In deze zaak heeft de Centrale Raad van Beroep uitspraak gedaan op het hoger beroep van een ambtenaar, die financiële compensatie had aangevraagd voor waarnemingen in verschillende periodes. Het verzoek om compensatie voor de derde periode was ingediend tijdens de waarneming, terwijl de verzoeken voor de eerste twee periodes eerder waren afgewezen door de staatssecretaris van Defensie. De Raad oordeelde dat de staatssecretaris terecht had geoordeeld dat er geen sprake was van gelijke gevallen tussen de verschillende periodes, omdat de besluitvorming over de derde periode nog niet was afgerond. De Raad concludeerde dat het verzoek van de ambtenaar voor de eerste twee periodes als een verzoek om terug te komen van eerder vastgestelde besluiten moest worden beschouwd, en dat de staatssecretaris niet verplicht was om terug te komen op zijn eerdere besluiten. De rechtbank had ten onrechte geoordeeld dat artikel 4:6 van de Algemene wet bestuursrecht niet van toepassing was. De Raad vernietigde de aangevallen uitspraak en verklaarde het beroep van de ambtenaar ongegrond.

Uitspraak

17/4328 MAW, 17/4356 MAW
Centrale Raad van Beroep
Meervoudige kamer
Uitspraak op de hoger beroepen tegen de uitspraak van de rechtbank Den Haag van
4 mei 2017, 16/9452 (aangevallen uitspraak)
Partijen:
[betrokkene] te [woonplaats] (betrokkene)
de Minister van Defensie, thans de Staatssecretaris van Defensie (staatssecretaris)
Datum uitspraak: 1 maart 2018
PROCESVERLOOP
Dit geding, dat aanvankelijk is gevoerd ten name van de Minister van Defensie, is in verband met wijziging van taken voortgezet ten name van de staatssecretaris.
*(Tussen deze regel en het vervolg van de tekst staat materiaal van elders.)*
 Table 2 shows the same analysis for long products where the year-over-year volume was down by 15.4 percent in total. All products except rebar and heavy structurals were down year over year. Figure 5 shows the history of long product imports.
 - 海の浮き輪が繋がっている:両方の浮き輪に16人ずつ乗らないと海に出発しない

Waar in deze uitspraak wordt gesproken van de staatssecretaris, wordt daaronder in voorkomend geval (mede) verstaan de Minister van Defensie.
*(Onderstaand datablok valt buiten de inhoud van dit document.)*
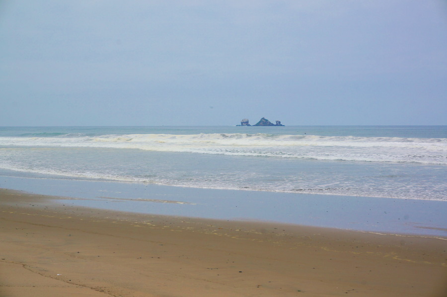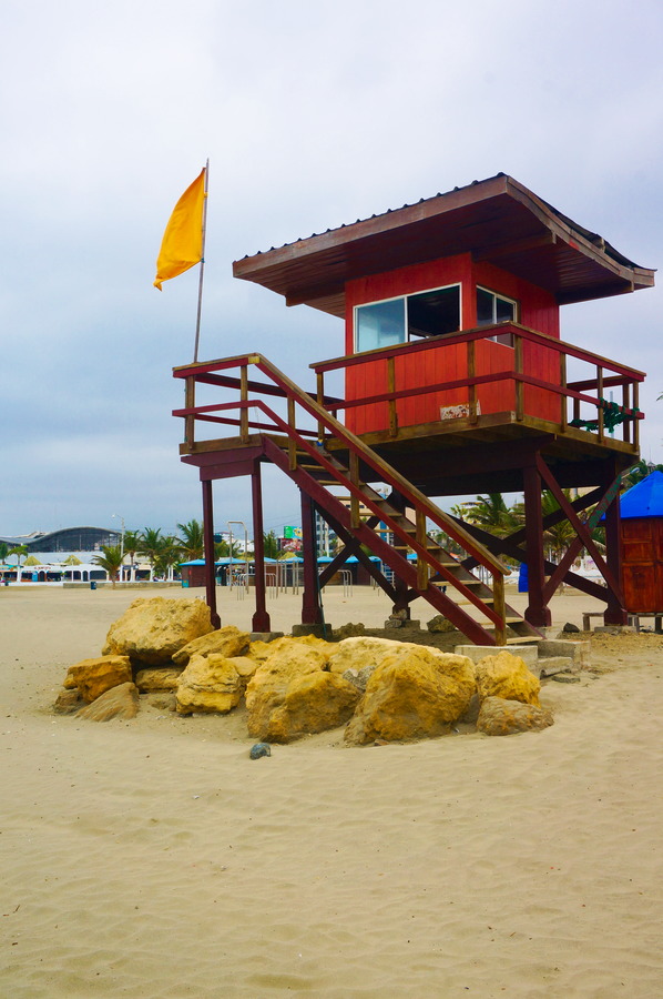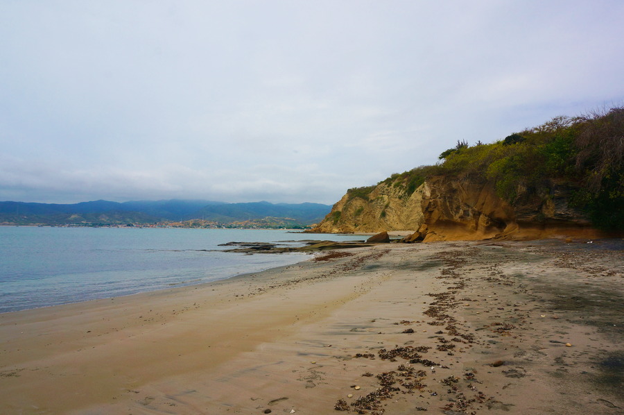 Si la ville n’est pas extraordinaire, il faut reconnaître que la plage est plutôt sympa et la mer propice à la baignade. Ça nous change pas mal des courants forts et des grosses vagues de Puerto Lopez! Par contre, nous sommes en début de saison de garúa, une brume humide venant du Pacifique, et nos photos sont un peu tristounettes du coup. Sorry!

Namens betrokkene heeft mr. C. van Kins, advocaat, hoger beroep ingesteld.
De staatssecretaris heeft hoger beroep ingesteld.
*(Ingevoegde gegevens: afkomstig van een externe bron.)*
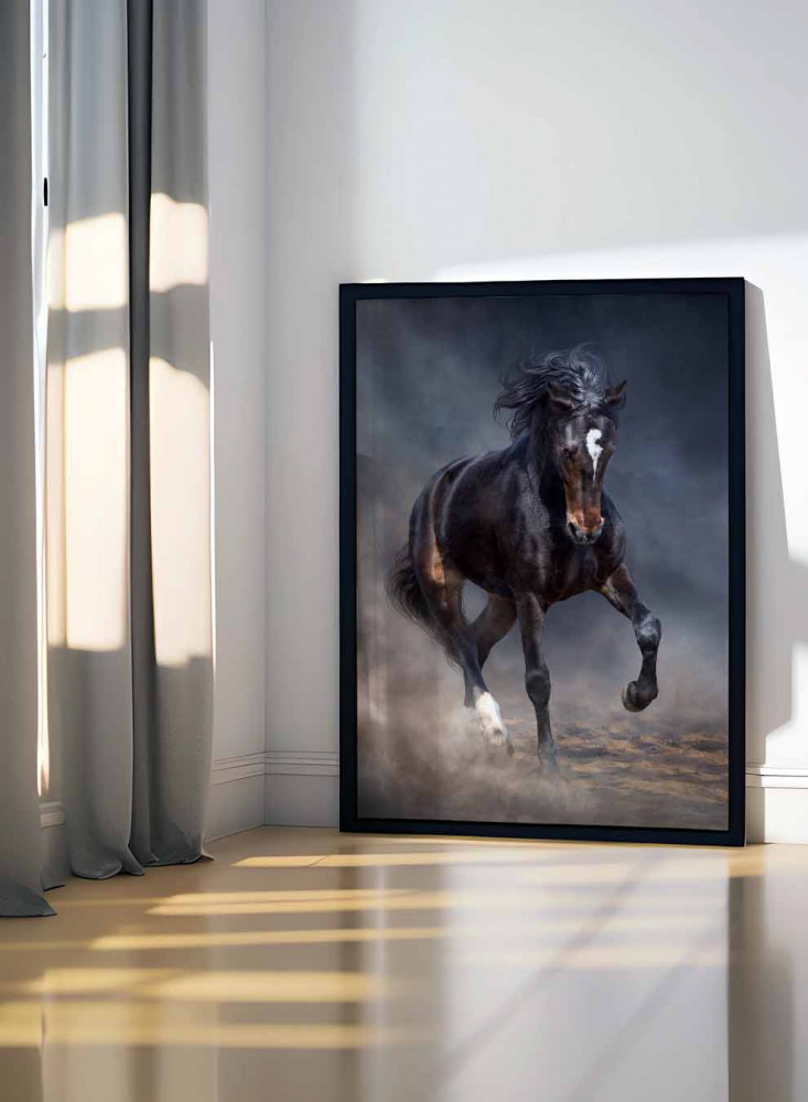 لوحة كانفاس على إطار خشبي، تصميم حصان جامح فى الصحراء، للمنزل، غرفة المعيشة، المكتب، الديكور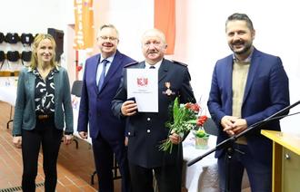 | - | Für 50jährige treue Dienste für die Feuerwehr wurde Kamerad Günther Sülzner mit dem Brandschutzehrenabzeichen am Bande gehrt. |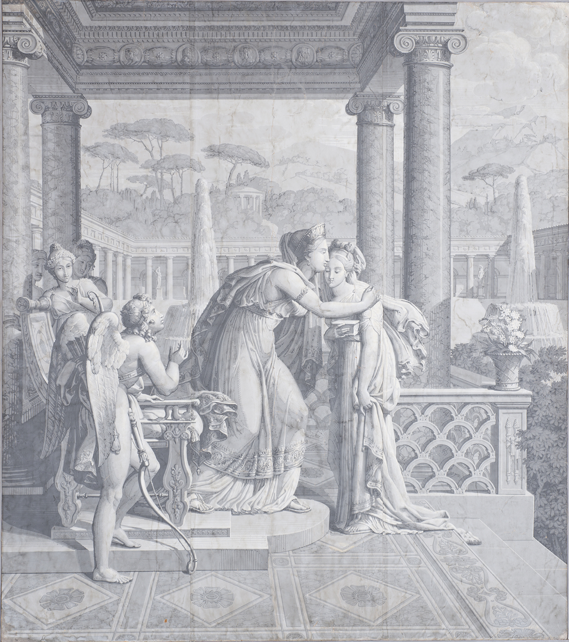 Merry Joseph Blondel - Louis Lafitte Merry-Joseph Blondel ( 1781-1853), Louis Lafitte (Paris, 1770-1828) La riconciliazione di Venere e Psyche grisaglia su carta applicata su pannello, cm 180 x159 Bibliografia: E.A. Entwistle, French Scenic Wallpapers 1800-1860, F. Lewis, Leigh on Sea, 1972, pl.20-24. Il pannello fa parte della serie eseguita nel 1815 da Merry- Joseph Blondel e Louis Lafitte per la manifattura Dufour. foto La serie comprendeva ventisei elementi, tutti direttamente ispirati al poema "Les Amours de Psyche et de Cupidon" di Jean de La Fontaine del 1669. Precedentemente, il romanzo di Cupido e Psyche fu pubblicato per la prima volta nel II secolo d.c. da Apuleio, nell' "Asino d'oro". La serie venne esposta nel 1819 a l'Exposition des Produits de l'industrie dove vinse la medaglia d'argento. Altri esemplari della stessa serie sono stati esposti al Deutsches Tapetenmuseum, Kassel, Germania e alla Whitworth Art Gallery, Manchester. Tra i vari pannelli della serie Psyche e Cupido, un set di quattordici grisaille su carta è stato venduto da Christie's, London, 15 Dicembre 1994, lotto 363 (£ 20,600 con premium), mentre un set di cinque è stato venduto più recentemente, Sotheby's, London, 4 Dicembre 2007, lotto 81 (£50,900 con premium).

Beide partijen hebben een verweerschrift ingediend.
Het onderzoek ter zitting heeft plaatsgevonden op 19 januari 2018. Betrokkene is verschenen, bijgestaan door mr. Van Kins. De staatssecretaris heeft zich laten vertegenwoordigen door
mr. P.M. van der Weijden en mr. C.E. Lamberti.

OVERWEGINGEN

1.1.
Bij rekest van 24 juli 2015 heeft betrokkene verzocht om financiële compensatie over periodes waarin hij heeft waargenomen. Het betreft voor zover in dit geding nog van belang de periode van 1 april 2014 tot en met 30 september 2014 (periode 1) waarin betrokkene de [functie 1] , waaraan de rang van kapitein is verbonden, voor 60% heeft waargenomen en de periode van 1 oktober 2014 tot 14 april 2015 (periode 2) waarin hij de [functie 1] , zoals betrokkene in zijn rekest heeft vermeld, voor 100% heeft waargenomen. Betrokkene heeft door middel van dit verzoek op grond van artikel 115 van het Algemeen militair ambtenarenreglement (AMAR) aanspraak gemaakt op een financiële compensatie tot een bedrag “gelijk aan de waarnemingstoelage”.
1.2.
In de periode van 15 april 2015 tot en met 10 augustus 2015 (periode 3) heeft betrokkene de [functie 2] , waaraan de rang van [rang] is verbonden, waargenomen.
1.3.
Bij besluit van 26 mei 2016 heeft de staatssecretaris het verzoek van betrokkene om een financiële compensatie voor zover betrekking hebbende op periodes 1 en 2 afgewezen omdat geen sprake was van een volledige waarneming als bedoeld in artikel 22 van het AMAR en ingevolge artikel 11 van het Inkomstenbesluit militairen in zo’n situatie geen waarnemingstoelage wordt verstrekt. De staatssecretaris heeft het verzoek van betrokkene voor zover het ziet op periode 3 op grond van artikel 115 van het AMAR gehonoreerd, dit omdat in die periode sprake was van nagenoeg volledige waarneming.
1.4.
Bij besluit van 18 oktober 2016 (bestreden besluit) heeft de staatssecretaris het bezwaar tegen het besluit van 26 mei 2016 voor zover hierbij een financiële compensatie over de periodes 1 en 2 is afgewezen ongegrond verklaard. De staatssecretaris heeft zich op het standpunt gesteld dat sprake is van een geval als bedoeld in artikel 4:6 van de Algemene wet bestuursrecht (Awb). De aanvraag van 24 juli 2015 dateert van na de periodes waarin de waarneming heeft plaatsgevonden. Dit betekent volgens de staatssecretaris dat betrokkene tot die datum heeft berust in zijn financiële aanspraken zoals aan hem kenbaar gemaakt door middel van zijn salarisspecificaties over de desbetreffende periodes. Betrokkene verzoekt, daarbij uitgaande van artikel 115 van het AMAR, eigenlijk om die aanspraken met terugwerkende kracht te herzien. De staatssecretaris is van oordeel dat geen nieuwe feiten of veranderde omstandigheden zijn aangevoerd op grond waarvan hij gehouden zou zijn terug te komen van zijn eerdere besluitvorming.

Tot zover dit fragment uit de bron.